The present invention generally relates to a data processing systems and methods and, more particularly, to such systems and methods which are configured to serve multiple versions of clients at the same time.

BACKGROUND

A typical database application can consist of three different layers or components, i.e., a client, a server and a persistent data storage, where the client and the server are typically two processes or applications operating on two separate hardware platforms. The persistent data storage includes files or records stored in a file system often close to the server process. The client typically requests changes to data in a database and the server is responsible for encoding/decoding and serialization of the data structure to the persistent storage. Both the client and the server are aware of the data model used by the database, by, for example, a definition or schema decided by the client. When the client requests a read/write operation of some data in the database, the communication is done in such a way that the client requests particular parameters, defined in the schema, from the server. The server uses the schema to know where the serialized data with the requested parameters are stored.

An example of how data can be represented in the different layers and how the data can be transformed between the layers using conventional methods is shown in FIG. 1. FIG. 1 depicts an application 100, which runs on a client 102, which is also known as a database (DB) client, a DB server 104 and a persistent storage 106, e.g., a memory. The application 100 has an internal structure of its data, for example, as a Java object in a Java application. The application 100 then transforms the data of the object to arguments in a Structured Query Language (SQL) statement when sending the data to the database server 104. The DB server 104 receives the request and updates its internal structure while also transforming the data to the persistent storage if the data differs from its previous internal format.

An example of this can be seen in FIG. 1, where the client 102 executing the application 100 creates a table named “Car” which is formed with an id string, a weight integer (int), a color string and a price int field. Values can then be inserted into the table Car 108, e.g., ABC 123, 1000, blue, 3000. The table Car 108 can be seen in the DB server 104. At some point in time, the client 102 executing the application 100 can decide to perform a read/write operation to table Car 108, e.g., read id, weight, color and price from Car 108 where the id is “ABC 123”. The id can be used as a pointer to the location of the data table.
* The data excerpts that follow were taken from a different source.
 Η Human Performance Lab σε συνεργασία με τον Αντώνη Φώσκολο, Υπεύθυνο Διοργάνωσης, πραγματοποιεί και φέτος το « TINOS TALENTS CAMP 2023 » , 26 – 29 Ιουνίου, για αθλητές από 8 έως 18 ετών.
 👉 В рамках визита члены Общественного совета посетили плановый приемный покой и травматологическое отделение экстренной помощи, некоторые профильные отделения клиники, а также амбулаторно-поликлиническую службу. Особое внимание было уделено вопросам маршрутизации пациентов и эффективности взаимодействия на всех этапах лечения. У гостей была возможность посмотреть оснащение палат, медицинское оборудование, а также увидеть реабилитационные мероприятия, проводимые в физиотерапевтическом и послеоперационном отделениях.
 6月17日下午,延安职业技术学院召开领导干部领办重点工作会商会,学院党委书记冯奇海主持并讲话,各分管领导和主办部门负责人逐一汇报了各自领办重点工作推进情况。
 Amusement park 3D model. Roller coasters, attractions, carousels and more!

After the read/write operation is complete, the DB server 104 can transform the data using a codec 110 into, for example, a binary format, for storage in the persistent storage 106.
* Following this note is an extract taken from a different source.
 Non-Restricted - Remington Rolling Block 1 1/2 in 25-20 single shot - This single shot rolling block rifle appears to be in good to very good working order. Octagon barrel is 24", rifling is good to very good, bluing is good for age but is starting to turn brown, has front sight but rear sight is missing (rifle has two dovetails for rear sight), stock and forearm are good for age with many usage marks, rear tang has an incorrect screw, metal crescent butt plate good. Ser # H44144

In technologies involving server-side encoding, it is often the case that the same schema is used for all clients of a datatype, for example, a table in a relational SQL database. If a small change to the schema, e.g., a new parameter or column, is needed one client adds it and the parameter or column is immediately visible for all of the other clients using the same datatype. For large restructurings or reorganizing of data, data migration is typically required. This data migration often involves application specific scripts, in a process called Extract-Transform-Load (ETL). In such cases, the old schema will be completely replaced by the new schema and clients expecting data to be organized according to the old schema can have problems operating correctly, as the old schema will no longer be compatible with the new schema. This forces software updates of such client applications, which can be expensive in terms of cost and time.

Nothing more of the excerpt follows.